01-08-2012
Zwak ontwikkelde neurocognitieve functies belemmeren sociale leerprocessen bij gedragsstoornissen
Gepubliceerd in: Kind en adolescent | Uitgave 3/2012
Log in om toegang te krijgenSAMENVATTING
Neurobiologisch onderzoek van gedragsstoornissen laat zien dat de koppeling tussen gedrag en positieve dan wel negatieve gevolgen minder goed wordt gemaakt. Hierdoor wordt het aanleren van adequaat sociaal gedrag en het afleren van inadequaat sociaal gedrag belemmerd. Ook verloopt de probleemoplossing niet optimaal door stoornissen in de aandacht, de inhibitie, de cognitieve flexibiliteit en de besluitvorming.

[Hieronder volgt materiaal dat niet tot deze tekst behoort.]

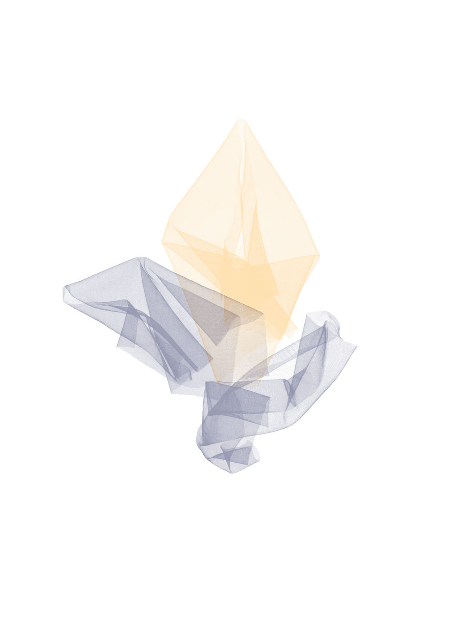 Au final, douze sérigraphies uniques sont disposées en suspension. Ces images flottantes, vaporeuses et épurées évoquent la fragilité et la quiétude. Enfin, choisi pour sa translucidité, le papier Mylar permet un jeu de lumière, par lequel la direction de l’éclairage altère l’apparence de l’image.

Als gevolg hiervan leren kinderen en adolescenten met gedragsstoornissen minder gebruik te maken van de cognitieve aan- en bijsturing van hun gedrag, wanneer zij zich aan een steeds wisselende omgeving moeten aanpassen. Deze zwak ontwikkelde neurocognitieve functies werden echter op groepsniveau onderzocht en kunnen individueel verschillen. Het is dan ook nodig om in hetklinisch onderzoek de neurocognitieve functies betrokken bij de sociale leerprocessen te meten of te beoordelen. Psychologische behandelmethoden zoals de oudertraining in opvoedingsvaardigheden en de cognitieve gedragstherapie kunnen dan meer individueel afgestemd worden op zwak en sterk ontwikkelde functies en aan effectiviteit winnen.